Linear low-density polyethylene (LLDPE) is one of several varieties of polyethylene (PE). PE's, the dominant synthetic polymer, are produced in many forms that differ in terms of molecular weight, branching, and the incorporation of comonomers. Often these features are captured in terms of the density of the material. All forms of PE are colorless, odorless, rather chemically inert solids produced by the polymerization of ethylene, the monomer. LLDPE is a substantially linear polymer (polyethylene), with significant numbers of short branches.

==Properties==
PE's are often classified by their densities.

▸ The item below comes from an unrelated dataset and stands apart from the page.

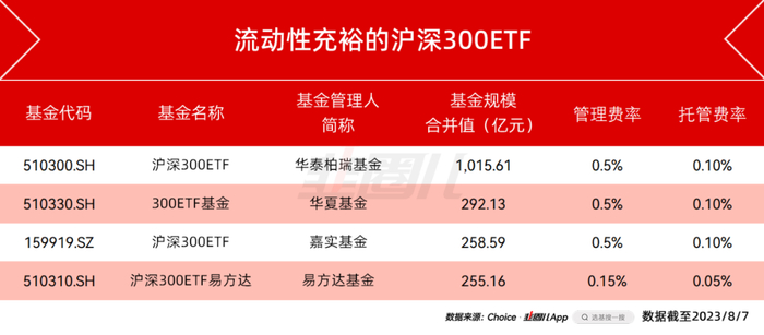 围绕沪深300,场内也有几只流动性很好,规模在200亿往上的ETF,由华泰柏瑞、华夏、嘉实和易方达几家大厂所管理。

Polyethylene (PE) densities and structure
| PE type | density (g/cm^{3}) | structure |
|---|---|---|
| LDPE | ca. 0.924 | highly branched |
| LLDPE | 0.916-0.940 | contains comonomers |
| HDPE | ca. 0.961 | no branching |

LLDPE has higher tensile strength and higher impact and puncture resistance than LDPE has. It is very flexible and elongates under stress. It can be used to make thinner films, with better environmental stress cracking resistance. It has good resistance to chemicals. It has good electrical properties. However, it is not as easy to process as LDPE, has lower gloss, and narrower range for heat sealing.

==Production==
The polymerization process can be done either in solution phase or in gas phase reactors.

The production of LLDPE is conducted by coordination polymerization. In contrast, conventional low-density polyethylene (LDPE) is produced by free-radical polymerization.

===Catalysts===
In coordination polymerization, metals bind ("coordinate") the monomer, allowing them to link. Major coordination catalysts include Ziegler-Natta (often titanium-based), Phillips (chromium-based), and Kaminsky catalysts (titanium- and zirconium-based). LLDPE that is manufactured by using metallocenes is sometimes labeled as mLLDPE. Such catalysts can produce polymers with densities even below 0.91 g/cm^{3}. These are sometimes called "very low density polyethylene" (VLDPE) or "ultra low density polyethylene" (ULDPE). However, synthesis of LLDPE polymers with high levels of comonomers and a "common" Ziegler-Natta catalyst has also been shown to yield polymers with a density below 0.91 g/cm^{3}.

===Comonomers===
It is commonly made by copolymerization of ethylene with alpha-olefins such as butene, hexene, or octene. The amount of comonomer is typically in the range from 1 to 10%. The copolymerization process produces an LLDPE polymer that has a narrower molecular weight distribution than conventional LDPE and in combination with the linear structure, significantly different rheological properties.

== Processing ==
LDPE and LLDPE have unique rheological or melt flow properties. LLDPE is less shear sensitive because of its narrower molecular weight distribution and shorter chain branching. During a shearing process, such as extrusion, LLDPE remains more viscous and, therefore, harder to process than an LDPE of equivalent melt index. The lower shear sensitivity of LLDPE allows for a faster stress relaxation of the polymer chains during extrusion, and, therefore, the physical properties are susceptible to changes in blow-up ratios. In melt extension, LLDPE has lower viscosity at all strain rates. This means it will not strain harden the way LDPE does when elongated. As the deformation rate of the polyethylene increases, LDPE demonstrates a dramatic rise in viscosity because of chain entanglement. This phenomenon is not observed with LLDPE because of the lack of long-chain branching in LLDPE allows the chains to slide by one another upon elongation without becoming entangled. This characteristic is important for film applications because LLDPE films can be downgauged easily while maintaining high strength and toughness. The rheological properties of LLDPE are summarized as "stiff in shear" and "soft in extension". LLDPE can be recycled, though into other things like trash can liners, lumber, landscaping ties, floor tiles, compost bins, and shipping envelopes.

== Application ==
LLDPE has penetrated almost all traditional markets for polyethylene; it is used for plastic bags and sheets (where it can be thinner than LDPE of comparable strength), plastic wrap, stretch wrap, pouches, toys, covers, lids, pipes, buckets and containers, covering of cables, geomembranes, and mainly flexible tubing. It is also common to use blends of LDPE and LLDPE for optimal material properties in specific applications.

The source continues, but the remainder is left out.